Acute Effects of Pea Proteins With Different Degrees of Processing on Postprandial Metabolism in Healthy Women and Men

The aim of this study is to investigate the postprandial metabolic responses to plant-based protein ingredients of different degrees of processing (pea protein concentrate, isolate, and extrudate) and in comparison to whey protein in healthy adults. Therefore, young healthy subjects consume 4 test meals with 25 g of protein from pea protein concentrate, pea protein isolate, pea protein extrudate or whey protein in a randomized order.

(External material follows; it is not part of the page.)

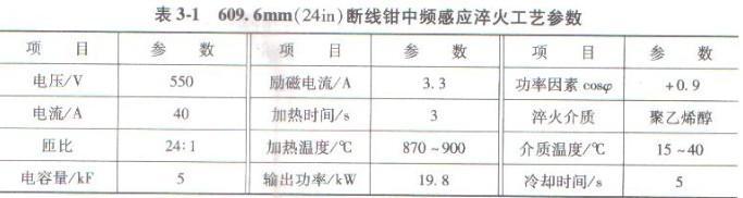 斷線鉗刀片是用GCr15鋼制造,刀口硬度要求55 -60HRC,其余部分的硬度為33~40HRC。刀片生產(chǎn)工藝流程為:鍛造成形一正火一球化退火一機(jī)械加工一調(diào)質(zhì)一中頻感應(yīng)淬火一低溫回火一磨刃一裝配。采用BPD100/8000型變頻機(jī)和DGF一C一108一2型中頻淬火控制設(shè)備。609.6mm(24in)斷線鉗中頻感應(yīng)淬火工藝參數(shù)如表3-1所示。

In a postprandial period of 6 hours, parameters of protein and glucose metabolism (i.a. plasma amino acids), gastric emptying and hunger/satiety are analysed. It is assumed that the plasma amino acid profile after plant protein ingestion differs depending on processing level of the protein ingredients and in comparison to whey protein.

Study Overview

Status

Active, not recruiting

Conditions

Intervention / Treatment

Detailed Description

In a randomized crossover-design, 20 healthy women and men consume 4 test meals containing either 25 g of protein from plant protein ingredients (pea protein concentrate, isolate, or extrudate) or whey protein together with 1 g paracetamol, which is used as a marker for gastric emptying.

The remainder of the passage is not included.